* Work required
In the listing below, start your output at the line with "イカや魚などの魚介類を用いた酢味噌あえです。" and end it after the line with "Các diễn viên", copying every line exactly.

+++ Input for this task

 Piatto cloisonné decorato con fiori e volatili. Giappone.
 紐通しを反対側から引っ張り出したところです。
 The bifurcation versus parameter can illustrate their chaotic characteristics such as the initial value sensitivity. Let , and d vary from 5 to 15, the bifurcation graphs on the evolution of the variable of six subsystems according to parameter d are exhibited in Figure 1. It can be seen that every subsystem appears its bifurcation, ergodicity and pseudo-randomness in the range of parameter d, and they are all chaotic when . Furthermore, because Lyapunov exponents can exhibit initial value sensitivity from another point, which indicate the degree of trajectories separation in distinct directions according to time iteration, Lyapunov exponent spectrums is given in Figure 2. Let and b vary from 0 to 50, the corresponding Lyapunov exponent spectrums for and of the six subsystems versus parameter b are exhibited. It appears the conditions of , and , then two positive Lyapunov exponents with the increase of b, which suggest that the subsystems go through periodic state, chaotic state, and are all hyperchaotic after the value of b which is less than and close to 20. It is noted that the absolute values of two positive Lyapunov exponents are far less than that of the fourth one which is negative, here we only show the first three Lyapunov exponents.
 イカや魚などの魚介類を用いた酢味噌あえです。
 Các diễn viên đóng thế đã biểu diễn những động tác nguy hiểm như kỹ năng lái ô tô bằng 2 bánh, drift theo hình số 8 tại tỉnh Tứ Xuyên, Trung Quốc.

++++++
+++ Input for this task

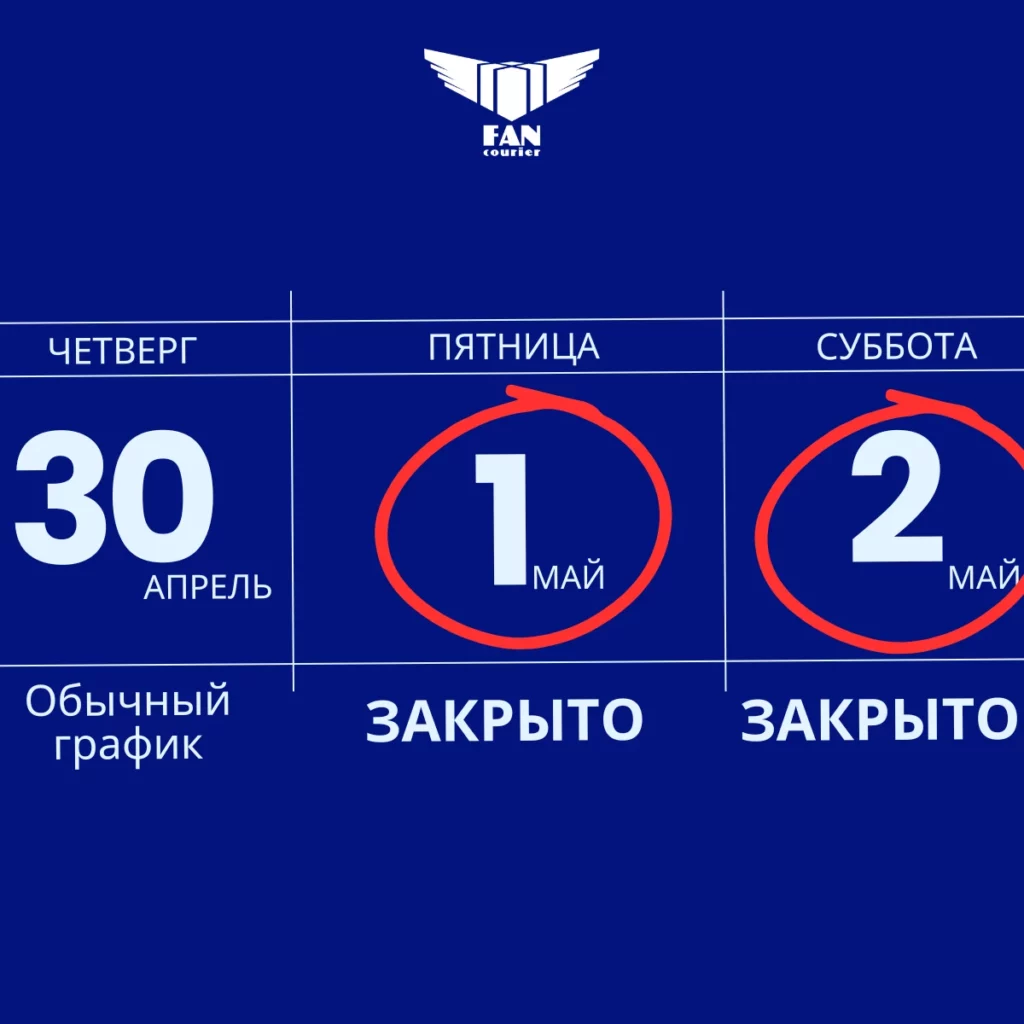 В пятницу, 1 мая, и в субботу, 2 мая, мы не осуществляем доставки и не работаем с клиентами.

++++++
+++ Input for this task

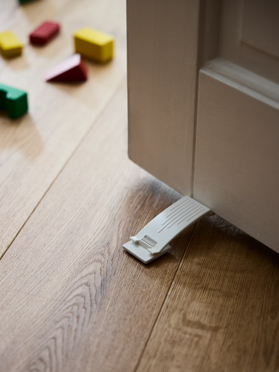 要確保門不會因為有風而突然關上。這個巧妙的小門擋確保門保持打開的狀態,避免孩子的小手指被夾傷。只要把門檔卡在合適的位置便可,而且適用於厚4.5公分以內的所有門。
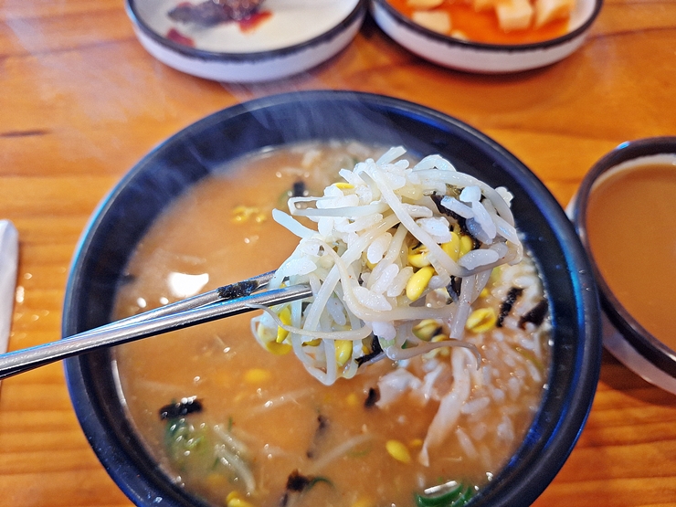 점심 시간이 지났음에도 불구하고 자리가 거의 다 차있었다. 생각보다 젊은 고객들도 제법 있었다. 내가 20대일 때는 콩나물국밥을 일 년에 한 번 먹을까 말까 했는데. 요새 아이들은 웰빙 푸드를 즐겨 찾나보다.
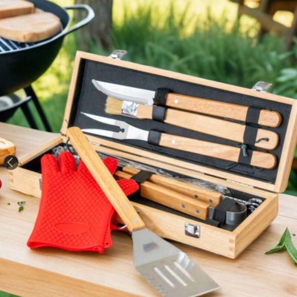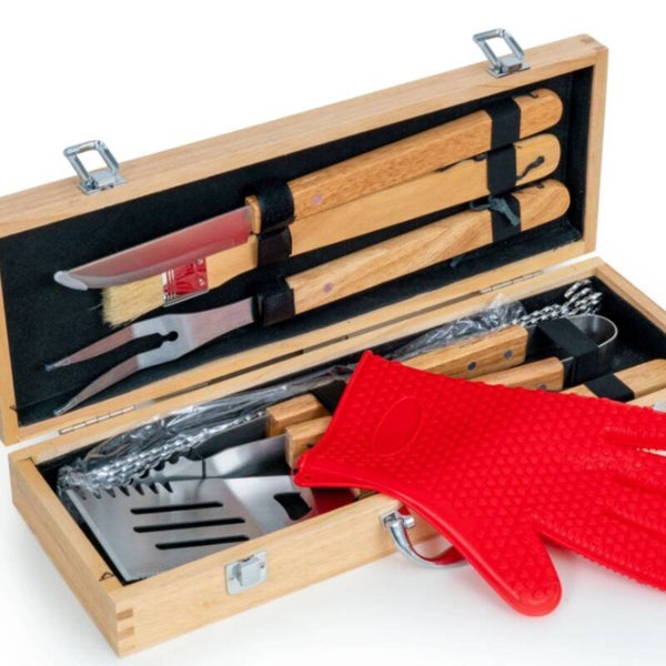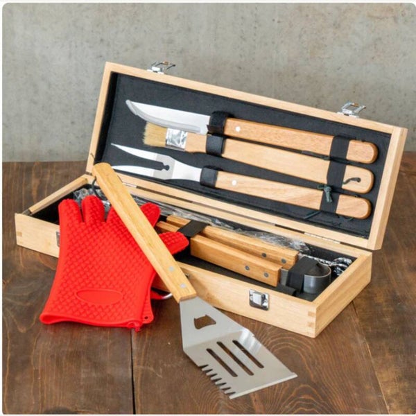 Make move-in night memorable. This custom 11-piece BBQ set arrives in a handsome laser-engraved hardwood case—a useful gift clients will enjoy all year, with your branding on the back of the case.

++++++

* Response to the exercise
 イカや魚などの魚介類を用いた酢味噌あえです。
 Các diễn viên đóng thế đã biểu diễn những động tác nguy hiểm như kỹ năng lái ô tô bằng 2 bánh, drift theo hình số 8 tại tỉnh Tứ Xuyên, Trung Quốc.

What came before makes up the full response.